California: FTB Releases FAQs Concerning Governor’s Economic Development Initiative,(Sep. 17, 2013)
- repealed the geographically targeted economic development area (G-TEDA) tax incentives, including the enterprise zone (EZ), local agency military base recovery area (LAMBRA), targeted tax area (TTA), and manufacturing enhancement area (MEA) credits against personal income and corporation franchise and income taxes;
- replaced the existing new employee credit with a revised new employment credit against personal income and corporation franchise and income taxes beginning with the 2014 tax year; and
- enacted a new California competes credit against personal income and corporation franchise and income taxes.
Repeal of G-TEDA Credits
- The EZ and LAMBRA hiring credit can be generated for qualified employees hired prior to 2014, whereas the MEA and TTA hiring credits may only be claimed for qualified employees hired prior to 2013. [CCH Note: This is because the 15-year designation period for the MEA and TTA areas expired at the end of 2012.]

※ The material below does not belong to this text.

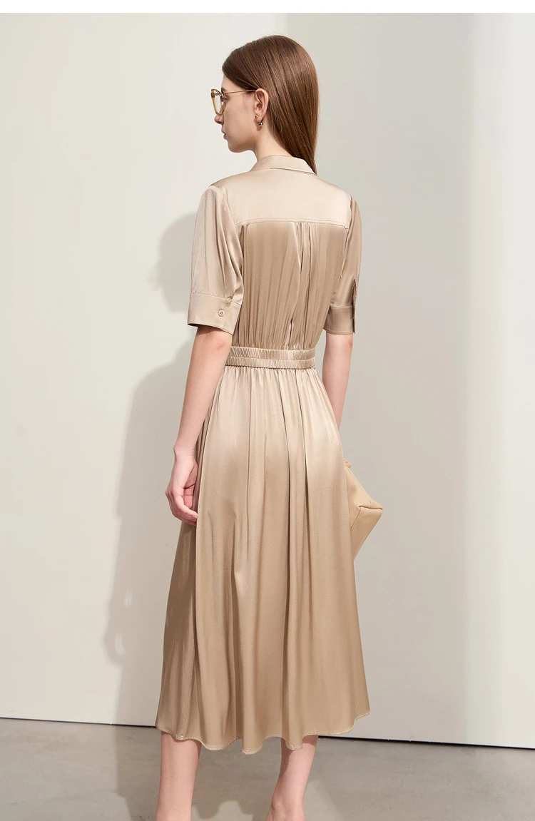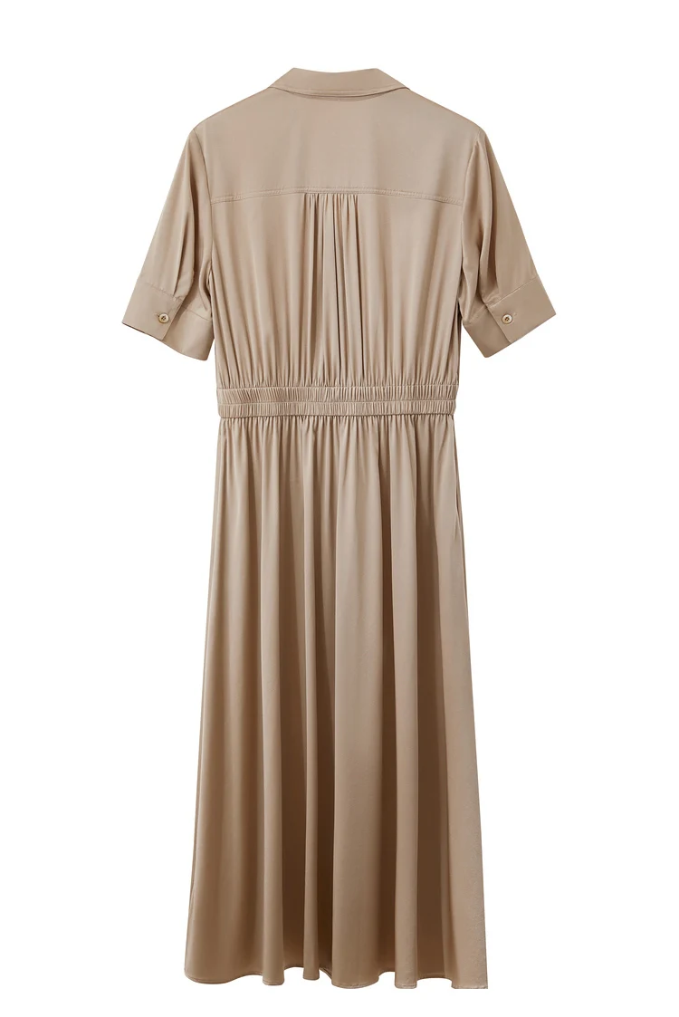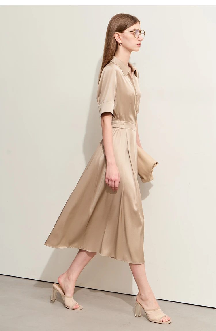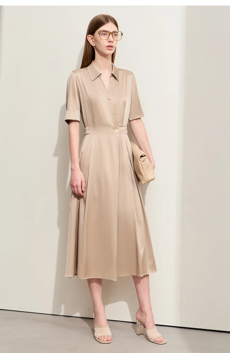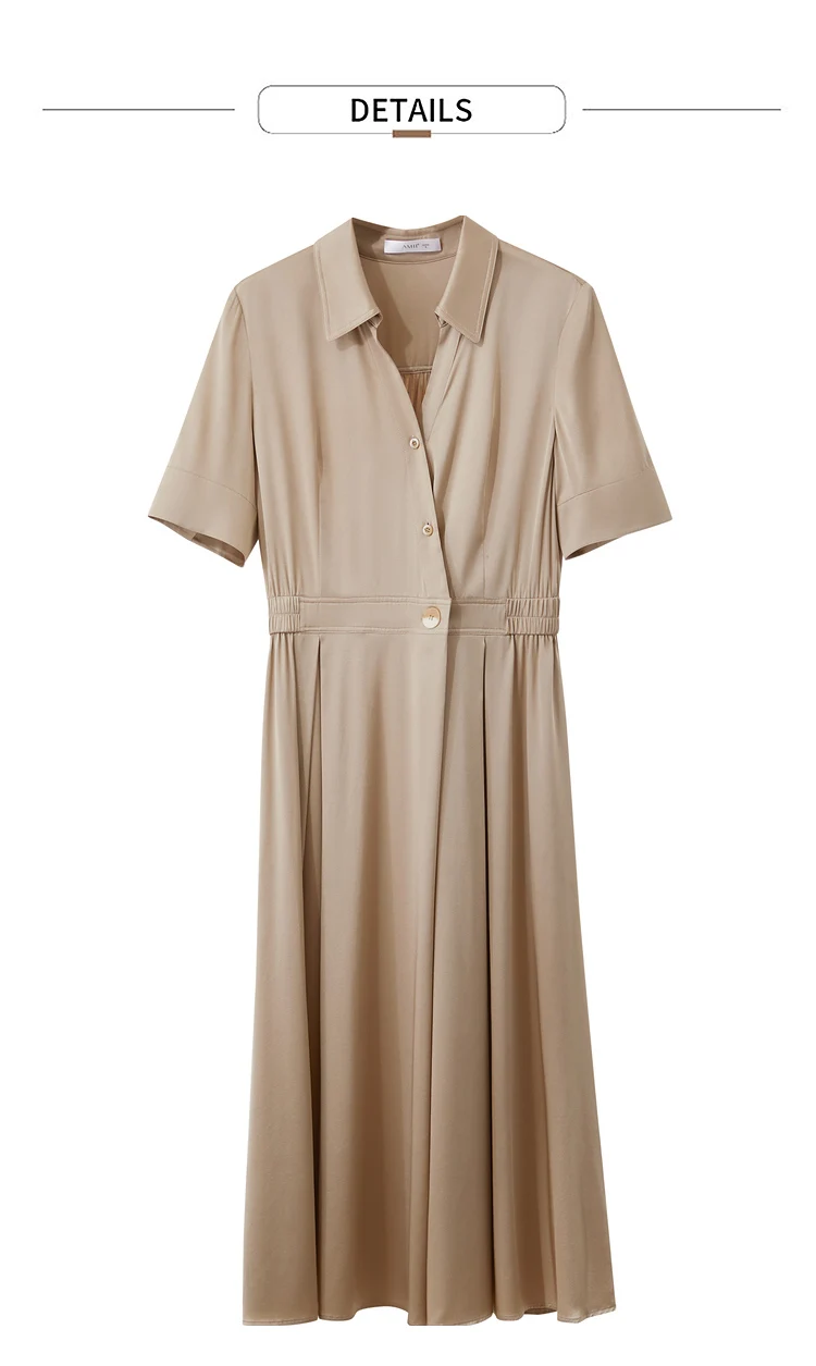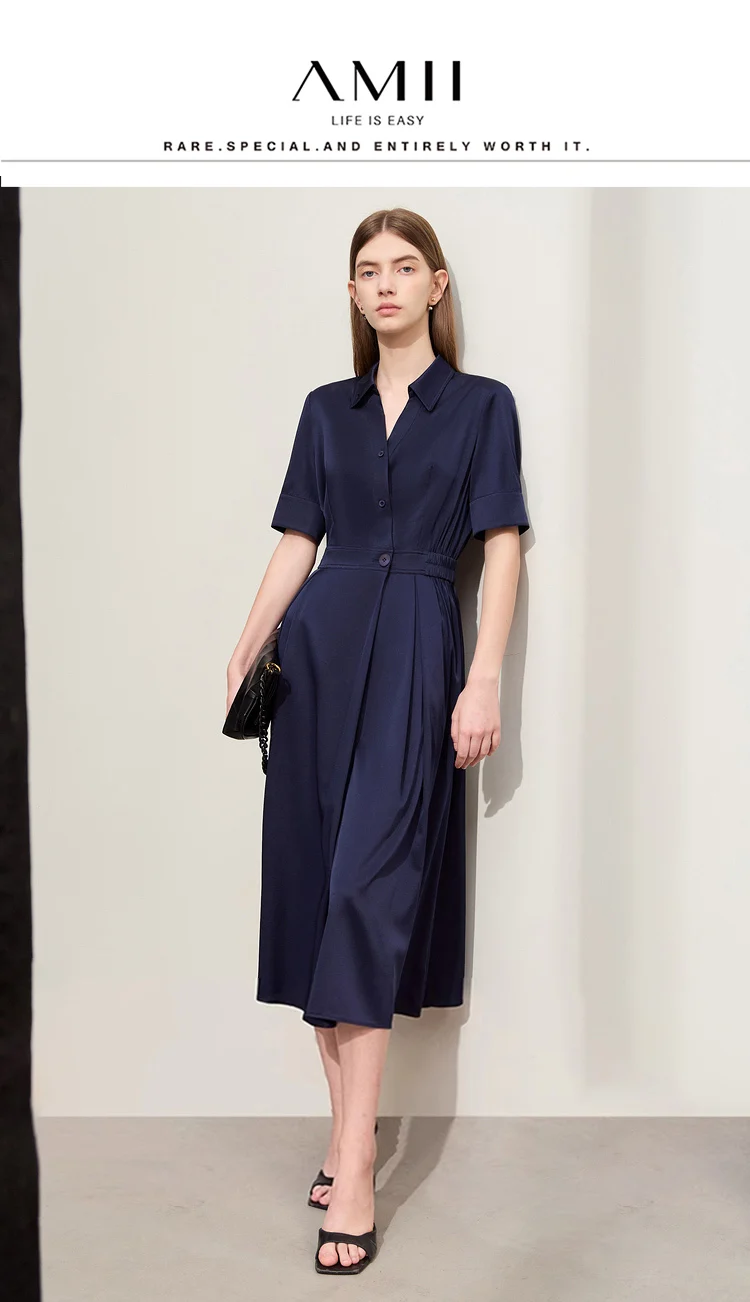 Amii Minimalism Silk Dress For Women 2025 Summer New Elegant Short Sleeve Woman Clothing Long A-Line Solid Dress Ladies 12422174

- The hiring credits may be claimed for the full 60-month period for employees hired prior to 2014 (2013 for MEA and TTA credits), however the credit may only be claimed against business income apportioned to the economic incentive area in which the credit is associated.
- The EZ, LAMBRA, TTA, and MEA hiring credits may still be claimed on an amended return as there is no requirement that these credits be claimed on an original filed return.
- The EZ and LAMBRA sales and use tax credit and business expense deduction will expire on January 1, 2014, and may only be claimed for property purchased and placed in service prior to 2014, whereas the MEA and TTA sales and use tax credit and the TTA business expense deduction expired on January 1, 2013, and may only be claimed for property purchased and placed in service prior to 2013.
- The credit carryover period for the portion of any G-TEDA credit remaining for carryover to taxable years beginning after 2013 is limited to the succeeding 10 taxable years.
- The EZ net interest deduction is allowed only for interest payments received or accrued prior to 2014.
- The EZ employee credit, which is available for wages employees earned while working within the boundaries of an EZ, cannot be generated after 2013, but may still be claimed on a 2013 tax year return.
New Employee Credit
- For purposes of determining whether a business qualifies for the $2 million small business classification, and thus qualifies for less-restrictive eligibility criteria, gross receipts from both the taxpayer’s business and nonbusiness income are combined.
- Two or more part-time employees cannot be treated as equivalent to a qualified full-time employee if together they work a total of at least 35 hours in a week. A qualified full-time employee must work an average of at least 35 hours a week.
- The credit may not be claimed for a part-time employee whose hours are increased to full-time employment in a subsequent tax year. An employee must be a full-time employee at the date of hire.
- A tentative credit reservation application will be available on the FTB’s website beginning on January 1, 2014. Applications may only be submitted online.
- The amount of the credit is based on the actual wages paid, so that if an employee receives a raise during the tax year, the credit is calculated based on the increased wages and is not limited to the employee’s starting wage.
- The credit may be applied against all of a taxpayer’s California taxable income. Unlike the EZ credits, the credit is not limited to the income attributable to a particular designated area.
- All employers that are treated as related under IRC §267, 318, or 707 are treated as if employed by a single taxpayer, as are unincorporated businesses that are under common control. The credit allowable for each related trade or business is allocated on a pro-rata basis depending on its proportionate share of the expense for the qualified wages.